• Problem details
Give again, word for word, the lines below that run from the line with "Mit der Baumrigole" through the line with "The Electronic Control". Drop the pictures.
*** Opening of Exercise materials ***
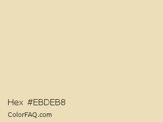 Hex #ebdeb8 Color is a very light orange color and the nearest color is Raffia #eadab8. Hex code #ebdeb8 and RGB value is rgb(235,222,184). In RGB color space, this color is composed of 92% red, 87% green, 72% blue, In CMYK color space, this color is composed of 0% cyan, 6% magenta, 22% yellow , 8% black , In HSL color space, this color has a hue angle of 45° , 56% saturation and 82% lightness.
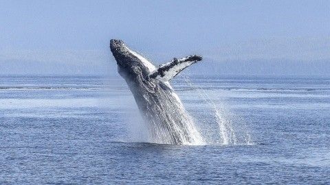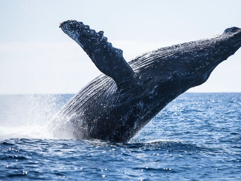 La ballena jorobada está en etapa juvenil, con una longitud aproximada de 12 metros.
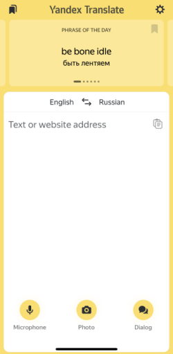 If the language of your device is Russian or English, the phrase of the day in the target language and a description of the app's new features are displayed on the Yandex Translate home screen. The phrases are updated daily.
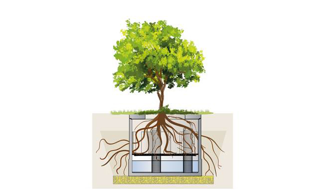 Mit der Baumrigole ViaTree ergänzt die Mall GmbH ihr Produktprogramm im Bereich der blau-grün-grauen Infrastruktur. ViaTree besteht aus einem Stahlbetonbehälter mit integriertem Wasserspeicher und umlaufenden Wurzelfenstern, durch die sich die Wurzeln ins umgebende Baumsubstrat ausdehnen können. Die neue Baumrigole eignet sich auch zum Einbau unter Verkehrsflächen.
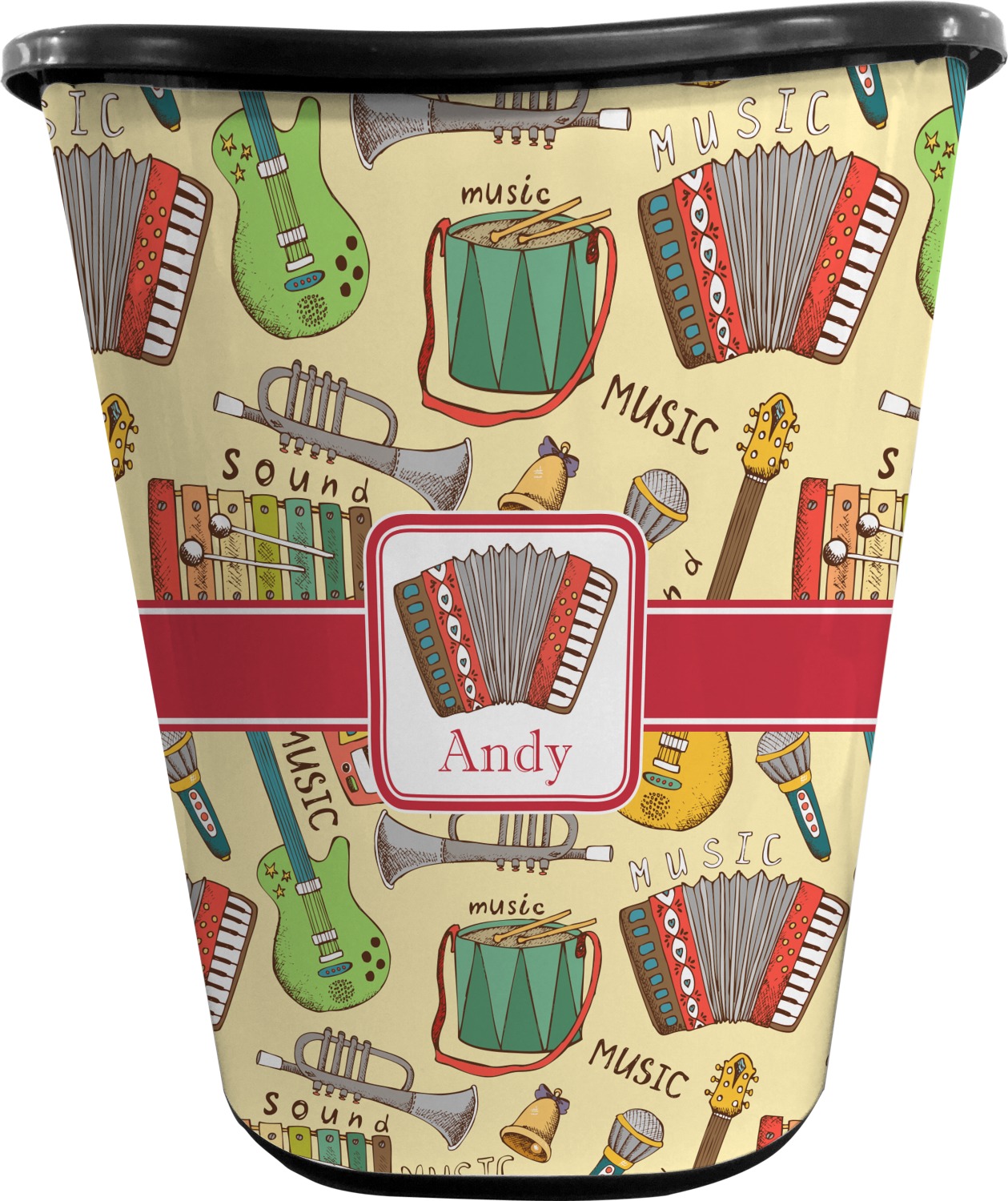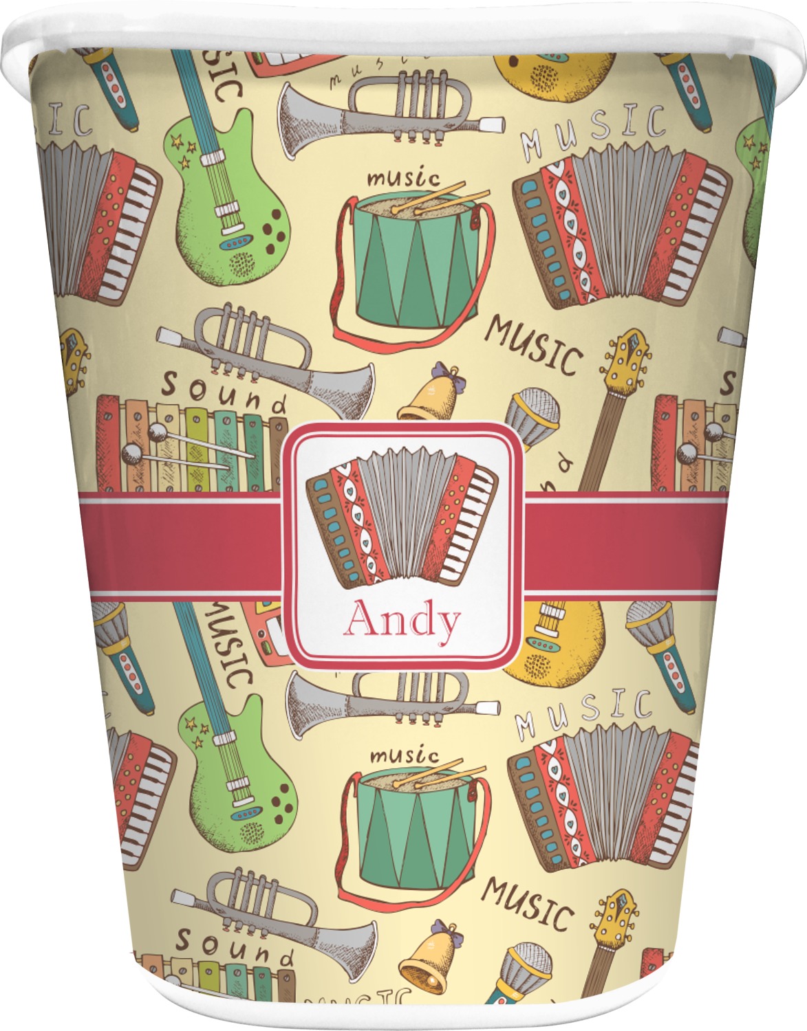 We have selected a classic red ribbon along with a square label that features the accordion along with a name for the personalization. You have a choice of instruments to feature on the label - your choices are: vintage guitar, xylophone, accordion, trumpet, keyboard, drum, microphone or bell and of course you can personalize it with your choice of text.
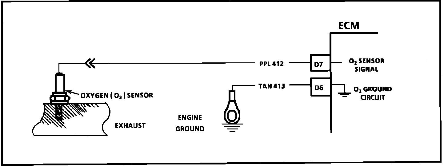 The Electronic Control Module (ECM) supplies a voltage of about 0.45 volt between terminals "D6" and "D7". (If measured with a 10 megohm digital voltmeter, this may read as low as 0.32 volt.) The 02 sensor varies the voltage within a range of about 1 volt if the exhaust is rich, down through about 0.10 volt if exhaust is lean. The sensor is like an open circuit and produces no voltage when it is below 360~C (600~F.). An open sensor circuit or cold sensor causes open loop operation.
*** Close of Exercise materials ***
*** Opening of Exercise materials ***
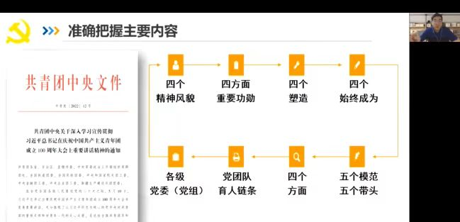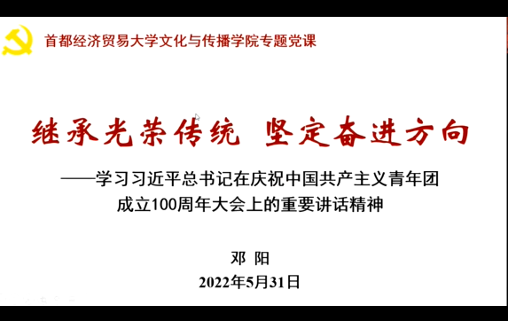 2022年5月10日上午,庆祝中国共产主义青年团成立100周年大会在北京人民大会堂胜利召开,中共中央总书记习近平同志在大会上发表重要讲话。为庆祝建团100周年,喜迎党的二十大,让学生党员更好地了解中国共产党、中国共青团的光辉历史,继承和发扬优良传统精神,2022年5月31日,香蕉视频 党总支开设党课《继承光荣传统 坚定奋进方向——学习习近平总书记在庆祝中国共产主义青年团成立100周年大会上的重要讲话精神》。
*** Close of Exercise materials ***
*** Opening of Exercise materials ***
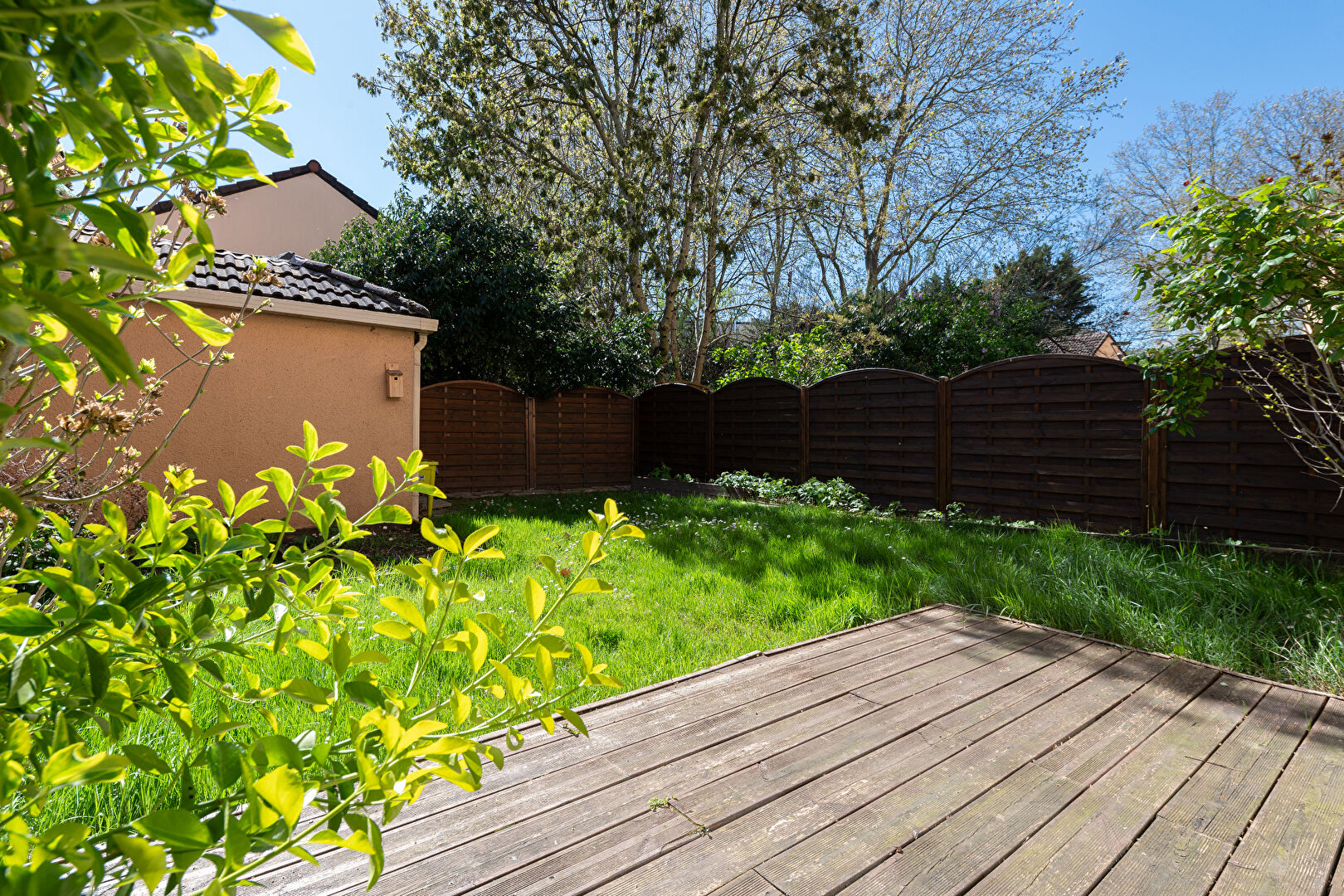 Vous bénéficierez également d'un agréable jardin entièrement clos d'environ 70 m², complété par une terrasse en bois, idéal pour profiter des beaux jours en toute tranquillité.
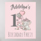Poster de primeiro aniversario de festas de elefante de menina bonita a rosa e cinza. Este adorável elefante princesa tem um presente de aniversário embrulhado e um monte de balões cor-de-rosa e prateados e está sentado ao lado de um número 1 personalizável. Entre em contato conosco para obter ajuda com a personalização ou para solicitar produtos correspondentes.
*** Close of Exercise materials ***
• Reply
 Mit der Baumrigole ViaTree ergänzt die Mall GmbH ihr Produktprogramm im Bereich der blau-grün-grauen Infrastruktur. ViaTree besteht aus einem Stahlbetonbehälter mit integriertem Wasserspeicher und umlaufenden Wurzelfenstern, durch die sich die Wurzeln ins umgebende Baumsubstrat ausdehnen können. Die neue Baumrigole eignet sich auch zum Einbau unter Verkehrsflächen.
 We have selected a classic red ribbon along with a square label that features the accordion along with a name for the personalization. You have a choice of instruments to feature on the label - your choices are: vintage guitar, xylophone, accordion, trumpet, keyboard, drum, microphone or bell and of course you can personalize it with your choice of text.
 The Electronic Control Module (ECM) supplies a voltage of about 0.45 volt between terminals "D6" and "D7". (If measured with a 10 megohm digital voltmeter, this may read as low as 0.32 volt.) The 02 sensor varies the voltage within a range of about 1 volt if the exhaust is rich, down through about 0.10 volt if exhaust is lean. The sensor is like an open circuit and produces no voltage when it is below 360~C (600~F.). An open sensor circuit or cold sensor causes open loop operation.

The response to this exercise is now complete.